## Information shown
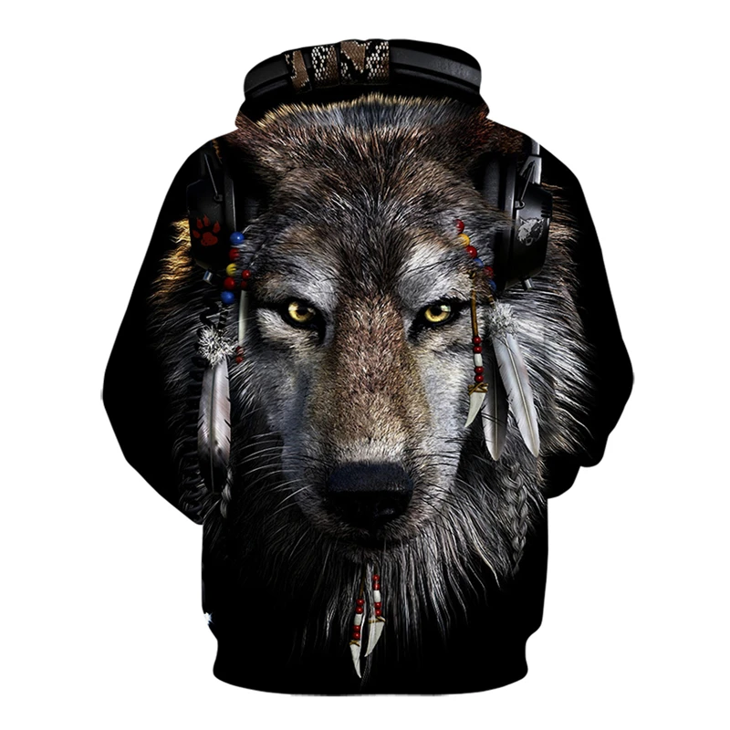 Толстовка Мужскаяженская оверсайз с капюшоном и 3D-принтом волка
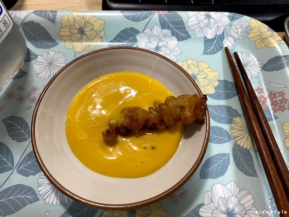 꼬치를 소스 위에 떨구고 푹 찍어서 먹으니 꿀맛이다.
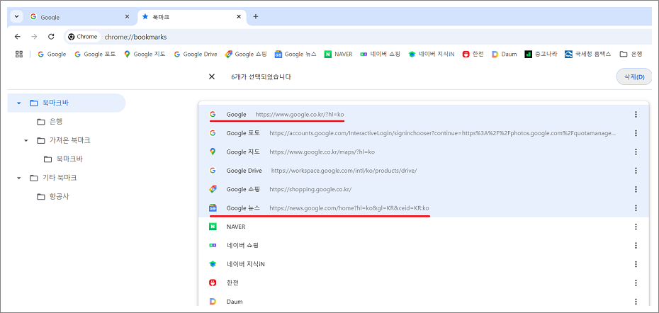 크롬 북마크 관리자에서는 마우스 드래그가 안되기 때문에 키보드 단축키인 Shift 키와 Ctrl 키를 사용해야 합니다.
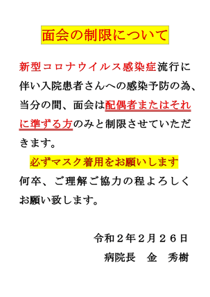 新型コロナウイルスの感染症流行に伴い、入院患者さんへの感染予防のため、当分の間、面会は配偶者またはそれに準ずる方のみと制限させていただきます。

## Action item
Print the data exactly as written, dropping any images it holds.

## Output of the exercise
 Толстовка Мужскаяженская оверсайз с капюшоном и 3D-принтом волка
 꼬치를 소스 위에 떨구고 푹 찍어서 먹으니 꿀맛이다.
 크롬 북마크 관리자에서는 마우스 드래그가 안되기 때문에 키보드 단축키인 Shift 키와 Ctrl 키를 사용해야 합니다.
 新型コロナウイルスの感染症流行に伴い、入院患者さんへの感染予防のため、当分の間、面会は配偶者またはそれに準ずる方のみと制限させていただきます。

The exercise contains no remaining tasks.